Is this project a realization of the “recombinant documents” that Mills Kelly wrote about?
What happens to your interpretation of a document when it is extracted from its archival context?

(D2L) Nancy Chaffin Hunter, Kathleen Legg, and Beth Oehlerts, “Two Librarians, an Archivist, and 13,000 Images: Collaborating to Build a Digital Collection,” Library Quarterly 80(1) (2010): 81-109.

What is the University Historic Photograph Collection at Colorado State University?
Who created it, and how?
In what ways is digital browse better than file-cabinet browse? Are there disadvantages?
Can you make sense of the work flow visualization?
What do you learn about librarians and archivists from this article?
How does a library-science literature review differ from a historiography?
What is a metadata librarian?
Would you consider this project a digital history project? Why or why not?
In what sense is it a database? In what sense is it interpretive?

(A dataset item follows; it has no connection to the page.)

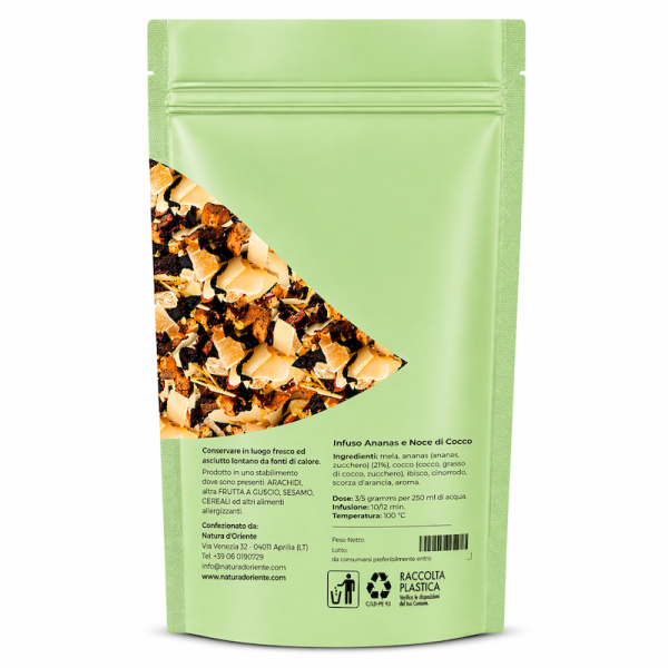 In addition to its particular flavor, this blend creates an infusion with remarkable beneficial qualities. Together, the two fruits boast important purifying, diuretic and energizing properties. The combination of pineapple and coconut is rich in elements that are important for our body: potassium, magnesium, iron, copper and manganese; in addition to vitamins C, A, K and vitamins of group B. Thanks to the vitamin content, enhanced by other foods, the infusion presents itself as the perfect ally to strengthen the immune system, counteracting seasonal ailments. On a nutritional level, coconut acts as a tonic, which can help us in moments of weakness, thanks to the numerous vitamins. It facilitates the functions of the digestive system, avoiding stomach problems and digestive difficulties. Together with other substances contained in the infusion, such as apple and sc
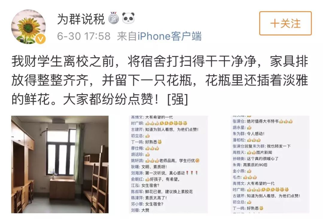 经济与管理学院陶勇老师在朋友圈里分享了照片并附上他的感言:“我财学生离校之前,将宿舍打扫得干干净净,家具排放得整整齐齐,并留下一只花瓶,花瓶里还插着淡雅的鲜花。细微之处见素质,为你们骄傲,高素质的90后。因为有你们,中国的未来会越来越好!”

Charles Upchurch, “Full-Text Databases and Historical Research: Cautionary Results from a Ten-Year Study,” Journal of Social History 46 (1) (Fall 2012): 89-105.

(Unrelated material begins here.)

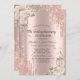 A modern, chic, and glamourous with glitter drips, and flowers on a rose gold background.

What are the advantages of full-text databases? What are the disadvantages?
What do you need to know about the databases you are working with before you start to seriously analyze your data? Develop a list of questions. How would you find answers to these questions? How useful did Upchurch find it to ask the database publishers?
What do you learn from this article about how OCR works? What is “article zoning”? What is “fuzzy searching”?
What does this article teach us about research design?
What does it teach us about how to keep track of our own research processes?
What do you learn about use of keyword search from this article?
Under what kinds of research plans would you want to keep track of all the searches you conducted? What would be a good method for keeping track?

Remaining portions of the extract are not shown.